Maestro EchoPlex

Maestro EchoPlex echo-chamber floor unit. Mid-70's solid state circuitry tape-based echo machine with black box case complete with removable hinged top and carrying handle. Instructions on page glued to inside cover. Black chicken style knobs control echo sustain and echo volume. Toggle switch provides sound on sound option. Record level adjustable with tiny screw-driver to achieve correct balance (no distortion...unless desired!). Input, output and footswitch inputs for echo/off and playback plus way neat big red recording light to signal that recording is in use!! At settings of 0 to 5 along this awesome slider located on the face of the unit, easily moved (slid) with foot, a decidedly reverby effect is achieved. Playing with the sustain and volume will alter given sound. Moving the slider to the right from 5 to 35 yields the classic Echoplex tones. Superb echoes bouncing along cleanly and effortlessly, all day long on a reel to reel style tape) until the tape heads get dirty and or the tape itself wears out or breaks!).

A beautiful unit popular big time in the studio and live from the 60's to the present, tho giving some way to the rack mounted digital (yuck!) echoes so often heard in the 80's and now. Try playing a note or notes or even a chord, clean or with edge, and give it a long delay rate (25-35). Now with some "sustain" added (repeats), take the slider and move it left slowly. The echoes speed up like a plane taking off and then jam it far right and jack the sustain (repeats)... WOW! Jimmy Page on Led Zep I and II. Tommy Bolin and Jan Hammer on Spectrum. Joe Walsh with the James Gang baby... On an on.
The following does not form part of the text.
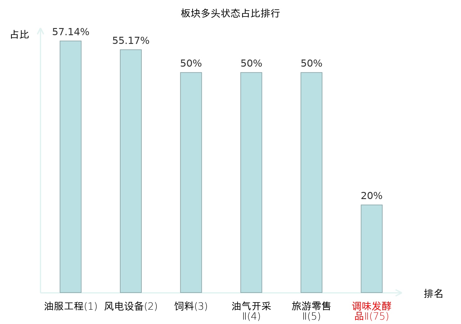 全市场所有行业板块中主力多头状态占比排名中,油服工程板块位居第一。非金属材料Ⅱ板块名次提升最快,较昨日上升67位。

Sound: clean and award-winning. A most classic echo unit producing a ton of great echoes plus extraordinary special effects.

Looks: Mad looks in a portable black box. Red record light is the balls.

Desirability: Most desirable, especially the tube-driven units of yesteryear.

Pros n cons: Could have more delay time...equates to less than a second for longest delay. Not bad for such a machine.

Over all: Used in movies and recording since the early 60's, allowing special effects paralleling the theramin (hear Page employ both on Whole Lotta Love and see him play with the Echoplex on Page and Plants video release "No Quarter" (1996). A masterful invention!)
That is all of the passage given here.